After a lull, the situation took a more dramatic turn in the past few days.
A maternity hospital in a government-controlled area was hit by rebel fire, killing at least three people, reports said on Tuesday (3 May).
This came days after another hospital was hit in the rebel-held east of Aleppo, in a deadly government airstrike.
Describing the significance of the hospital hit on 3 May, a resident said: “It is where my daughter was born and a place where new babies come into this world and new life begins. Today it is full of death and destruction. For me and my wife, it is very symbolic.” He added that the city’s maternity hospital was also considered one of the best for fertility treatment in the Middle East.
“Some of the busiest streets in Suleymaniye are empty after what has happened. All the shops are closed. I heard from my friend that he saw just three or four people on a street that normally is crowded. I urged him to stay inside,” said another local.
‘More like Good Friday’
Jeanbart’s words echo those of his counterpart from the Chaldean church in Aleppo, Bishop Antoine Audo, who reported recently that in only five years of conflict and persecution, the Christian population in Syria has been reduced by two-thirds, from 1.5 million to only 500,000 today.
Bishop Audo said that the situation in Aleppo is even worse than in the rest of Syria, with only a quarter of the Christian population remaining since the beginning of Syria’s civil war in 2011.
Audo also noted that Aleppo’s three cathedrals have been almost completely destroyed.
“You cannot imagine the dangers that we face every day,” he said.
Elsewhere, the Islamic State has taken over large parts, leading tens of thousands of people to flee from both Syria and Iraq.
Meanwhile, the Catholic charity Aid to the Church in Need (ACN) quoted an Aleppo Franciscan priest as saying, “Never, since the beginning of this terrible war, were things as bad as they are now. I have no words to describe all the suffering I see on a daily basis.”
Seeing bombs fall on churches, mosques, schools and hospitals, Fr. Ibrahim Alsabagh said: “So many people were killed or severely injured.”
Alsabagh, who has been working in Aleppo for two years, added that Easter (celebrated by Orthodox Christians and Eastern Catholics in Syria last Sunday, 1 May) had been markedly sad.
“It was more like Good Friday than Easter Sunday,” he said. “People were either burying their dead, or else they stayed at home out of fear.”
Would you like to know how Mary felt when she was holding her son’s dead body?
“Would you like to know how Mary felt when she was holding her son’s dead body?
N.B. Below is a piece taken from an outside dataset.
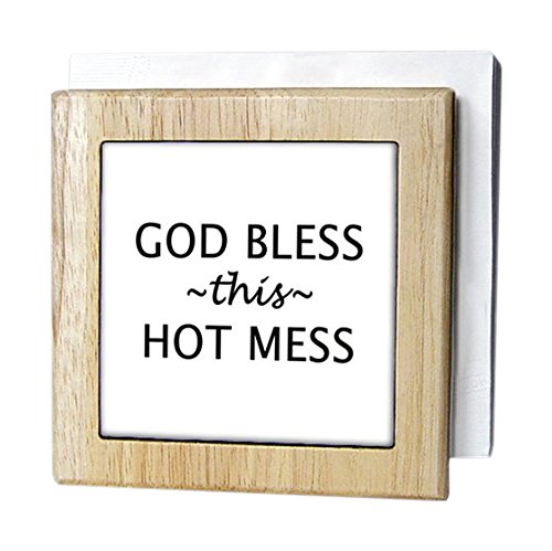 3dRose nh_221115_1 God Bless This Hot Mess Tile Napkin Holder, 6", Natural

You can ask a mother from Aleppo,” said one local mother. “She has experienced the feeling of carrying her son’s dead body. Would you like to know how Jesus was feeling when he was carrying his cross and awaiting the time of his death? You can ask our children. They are carrying their crosses and are awaiting their death. [But] we are refusing to see death any more in Syria – Aleppo especially – and we are declaring the resurrection of Christ on our beloved country!”
The Syrian churches have joined forces, declaring Sunday 8 May a day of prayer and fasting, and have appealed to the international Church to join them.